## What is required
Would you output the entries below only from the line containing "My internal debate, deciding" through the line containing "アドミンニンジャ導入事例:株", exactly as they stand and with both ends included?

## Data shown
╔══
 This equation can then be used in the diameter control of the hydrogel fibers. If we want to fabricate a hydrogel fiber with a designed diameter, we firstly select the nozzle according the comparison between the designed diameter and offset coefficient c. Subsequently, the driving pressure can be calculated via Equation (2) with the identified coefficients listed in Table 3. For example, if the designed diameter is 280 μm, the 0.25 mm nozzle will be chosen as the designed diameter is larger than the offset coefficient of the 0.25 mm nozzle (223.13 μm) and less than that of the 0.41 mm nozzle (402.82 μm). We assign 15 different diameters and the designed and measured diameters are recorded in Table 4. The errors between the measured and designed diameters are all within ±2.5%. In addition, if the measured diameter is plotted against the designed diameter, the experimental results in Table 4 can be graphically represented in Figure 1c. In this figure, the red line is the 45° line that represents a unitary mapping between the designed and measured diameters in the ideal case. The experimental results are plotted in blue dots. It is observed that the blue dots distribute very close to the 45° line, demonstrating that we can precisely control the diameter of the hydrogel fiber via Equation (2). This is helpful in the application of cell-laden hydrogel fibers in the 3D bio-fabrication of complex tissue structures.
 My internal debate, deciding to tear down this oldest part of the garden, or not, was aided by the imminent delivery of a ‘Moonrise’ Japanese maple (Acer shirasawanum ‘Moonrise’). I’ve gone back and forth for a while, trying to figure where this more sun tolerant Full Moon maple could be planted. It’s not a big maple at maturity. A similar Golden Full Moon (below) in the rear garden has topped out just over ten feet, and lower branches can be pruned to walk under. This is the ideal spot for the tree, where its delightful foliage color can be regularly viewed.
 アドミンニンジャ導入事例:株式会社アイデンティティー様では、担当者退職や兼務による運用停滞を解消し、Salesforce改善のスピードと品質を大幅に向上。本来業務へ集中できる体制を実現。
╚══
╔══
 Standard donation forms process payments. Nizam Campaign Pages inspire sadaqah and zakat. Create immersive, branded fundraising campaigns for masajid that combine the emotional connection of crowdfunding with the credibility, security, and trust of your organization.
╚══
## Reply to the task
 My internal debate, deciding to tear down this oldest part of the garden, or not, was aided by the imminent delivery of a ‘Moonrise’ Japanese maple (Acer shirasawanum ‘Moonrise’). I’ve gone back and forth for a while, trying to figure where this more sun tolerant Full Moon maple could be planted. It’s not a big maple at maturity. A similar Golden Full Moon (below) in the rear garden has topped out just over ten feet, and lower branches can be pruned to walk under. This is the ideal spot for the tree, where its delightful foliage color can be regularly viewed.
 アドミンニンジャ導入事例:株式会社アイデンティティー様では、担当者退職や兼務による運用停滞を解消し、Salesforce改善のスピードと品質を大幅に向上。本来業務へ集中できる体制を実現。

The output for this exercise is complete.